◆ **Input material**

+++

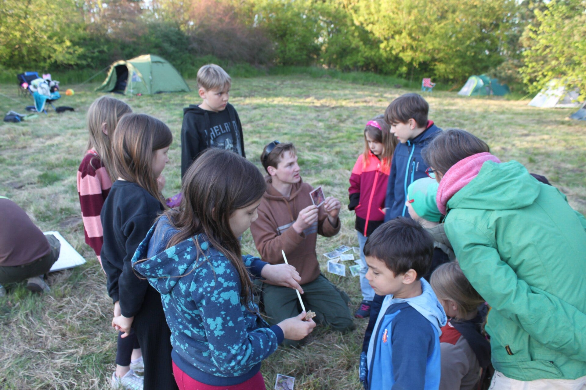 Vom 25.-27. April 2025 verbrachten wir mit vielen Kindern samt ihren Eltern ein schönes Wochenende in Mieste, einem kleinen Örtchen 30 km östlich von Wolfsburg, am Rand des Biosphärenreservats „Drömling“. Wie im Jahr zuvor trafen wir uns am Freitag im ehemaligen Freibad des Örtchens, bauten unsere Zelte auf und hatten Zeit zum Kennenlernen. Der Nachmittag bestand aus freiem Spielen in der Natur aber auch einem Lern- und Ratespiel zur Bestimmung unserer heimischen Amphibien. Nach dem Abendbrot machten wir es uns noch am Lagerfeuer bei Chips und Knüppelkuchen gemütlich, ehe sich alle ins Zelt verkrochen.
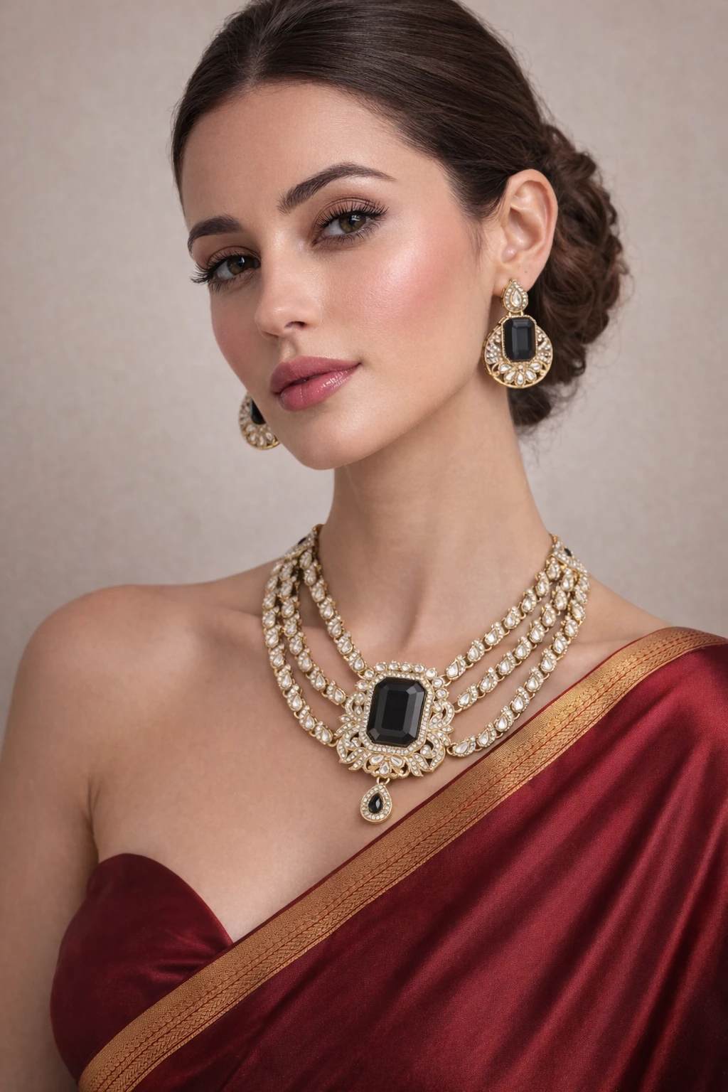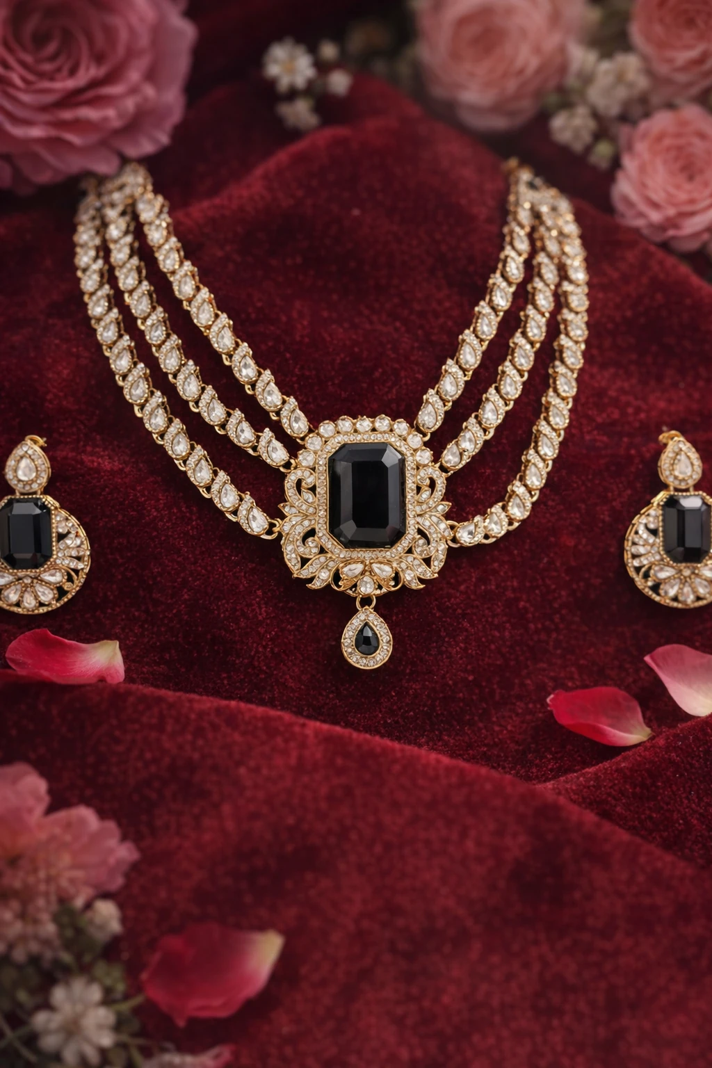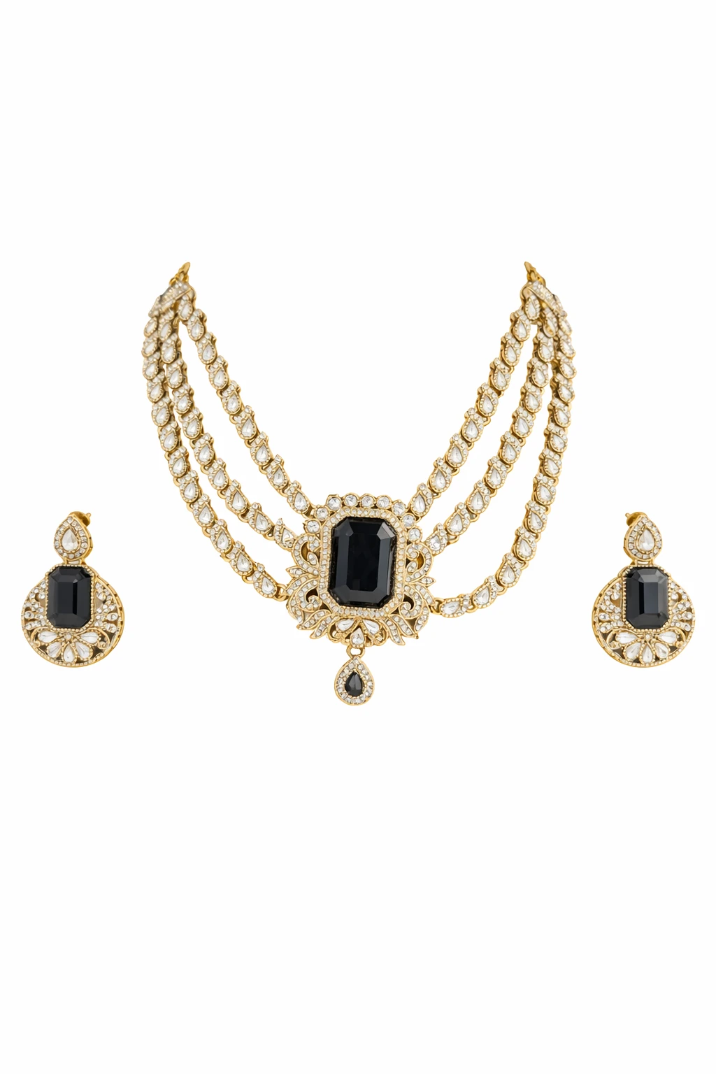 Introducing the exquisite Kundan necklace, a stunning piece that embodies the essence of timeless elegance. This masterpiece showcases three luxurious strands of intricately arranged teardrop-shaped stones, leading gracefully to a striking central pendant. The deep, rich green stone at its heart is framed by a halo of shimmering kundan work, exuding an aura of regal sophistication. Accompanied by matching earrings, this set is displayed against a plush, deep-red velvet backdrop that elevates its luxurious appeal. Crafted with attention to detail, this Kundan necklace features a perfect blend of tradition and modernity. Each stone is meticulously set, reflecting the skilled craftsmanship synonymous with our premium Indian jewelry brand, Savyra. The radiant kundan work perfectly complements the bold green stones, creating a harmonious balance that embodies luxury. Ideal for elegant gatherings or as a thoughtful gift for loved ones, this necklace is perfect for any occasion needing a touch of refinement. Elevate your style and make every moment unforgettable with the captivating charm of this premium Kundan necklace. Indulge in elegance with Savyra today.
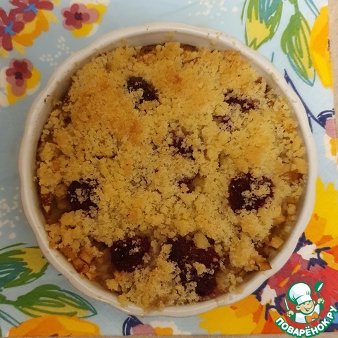 Распределить крошку поверх фруктов. Готовить в духовке, заранее разогретой до 180-190 гр., 25-30 минут.
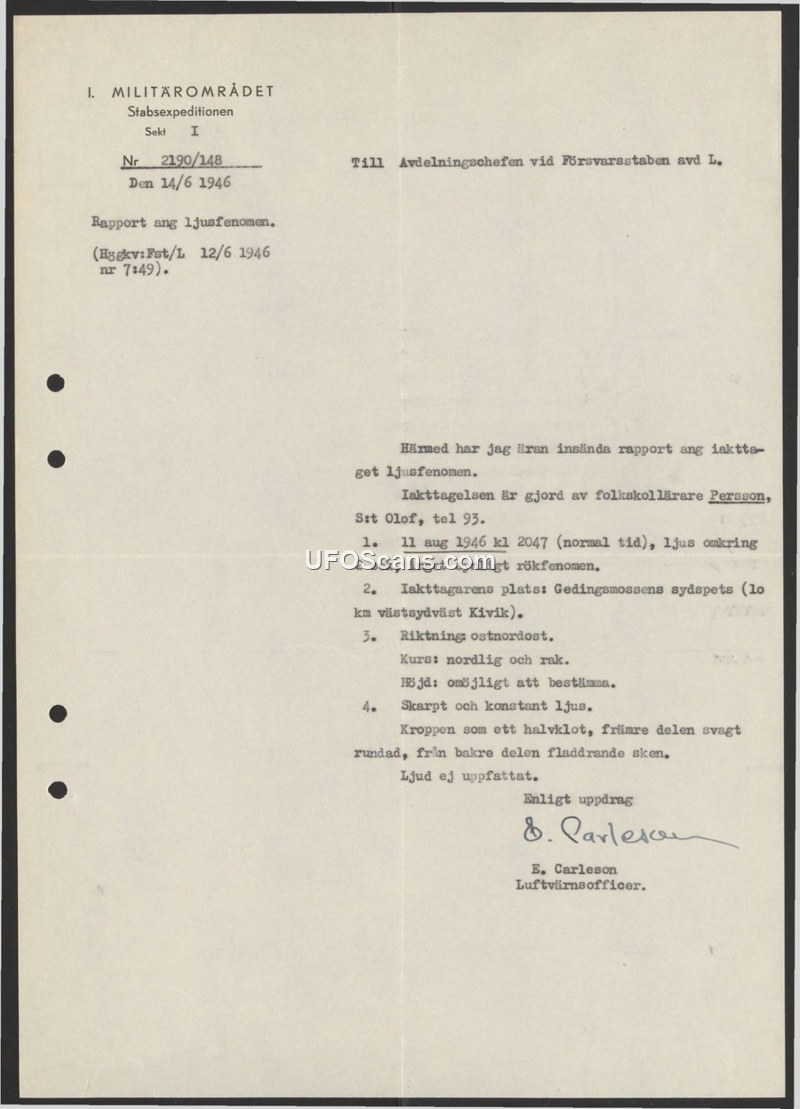 Rapport ang ljusfenomen (Report regarding light phenomenon) — 14 June 1946
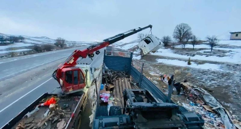 Afyonkarahisar’ın Bolvadin ilçesinde iki tırın çarpıştığı kazada 1 kişi hafif şekilde yaralanırken, kazada çarpışan tırlardan birinin kupası metrelerce öteye fırladı.
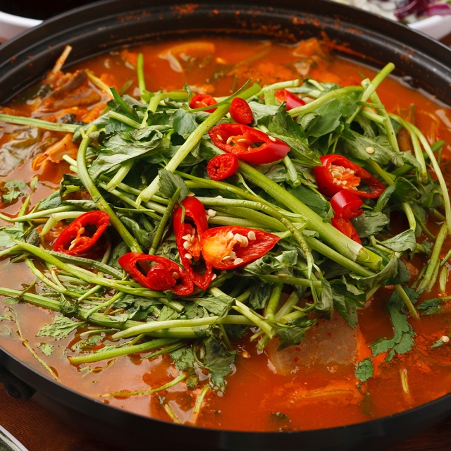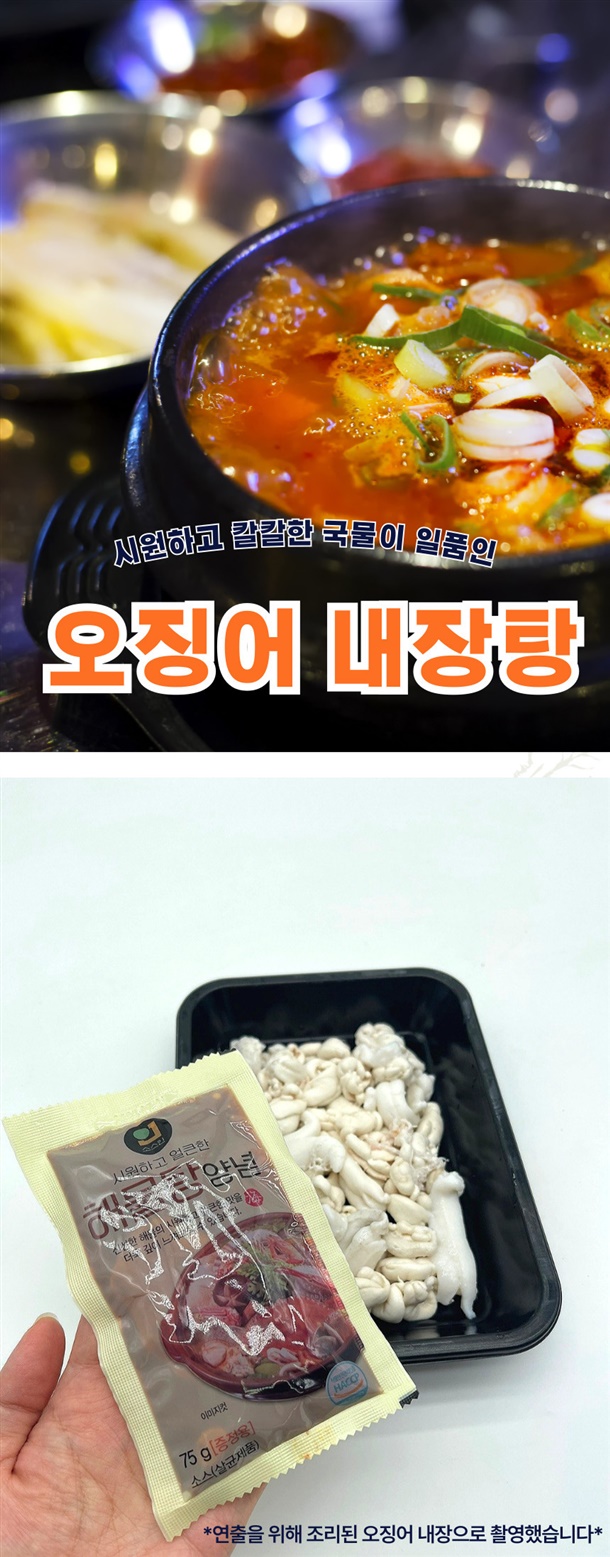 오징어 내장의 진한 풍미가 살아 있는 얼큰하고 깊은 맛의 내장탕

+++

◆ **Problem details**
Copy out the material above exactly; the images stay out.

◆ **Solution**
 Vom 25.-27. April 2025 verbrachten wir mit vielen Kindern samt ihren Eltern ein schönes Wochenende in Mieste, einem kleinen Örtchen 30 km östlich von Wolfsburg, am Rand des Biosphärenreservats „Drömling“. Wie im Jahr zuvor trafen wir uns am Freitag im ehemaligen Freibad des Örtchens, bauten unsere Zelte auf und hatten Zeit zum Kennenlernen. Der Nachmittag bestand aus freiem Spielen in der Natur aber auch einem Lern- und Ratespiel zur Bestimmung unserer heimischen Amphibien. Nach dem Abendbrot machten wir es uns noch am Lagerfeuer bei Chips und Knüppelkuchen gemütlich, ehe sich alle ins Zelt verkrochen.
 Introducing the exquisite Kundan necklace, a stunning piece that embodies the essence of timeless elegance. This masterpiece showcases three luxurious strands of intricately arranged teardrop-shaped stones, leading gracefully to a striking central pendant. The deep, rich green stone at its heart is framed by a halo of shimmering kundan work, exuding an aura of regal sophistication. Accompanied by matching earrings, this set is displayed against a plush, deep-red velvet backdrop that elevates its luxurious appeal. Crafted with attention to detail, this Kundan necklace features a perfect blend of tradition and modernity. Each stone is meticulously set, reflecting the skilled craftsmanship synonymous with our premium Indian jewelry brand, Savyra. The radiant kundan work perfectly complements the bold green stones, creating a harmonious balance that embodies luxury. Ideal for elegant gatherings or as a thoughtful gift for loved ones, this necklace is perfect for any occasion needing a touch of refinement. Elevate your style and make every moment unforgettable with the captivating charm of this premium Kundan necklace. Indulge in elegance with Savyra today.
 Распределить крошку поверх фруктов. Готовить в духовке, заранее разогретой до 180-190 гр., 25-30 минут.
 Rapport ang ljusfenomen (Report regarding light phenomenon) — 14 June 1946
 Afyonkarahisar’ın Bolvadin ilçesinde iki tırın çarpıştığı kazada 1 kişi hafif şekilde yaralanırken, kazada çarpışan tırlardan birinin kupası metrelerce öteye fırladı.
 오징어 내장의 진한 풍미가 살아 있는 얼큰하고 깊은 맛의 내장탕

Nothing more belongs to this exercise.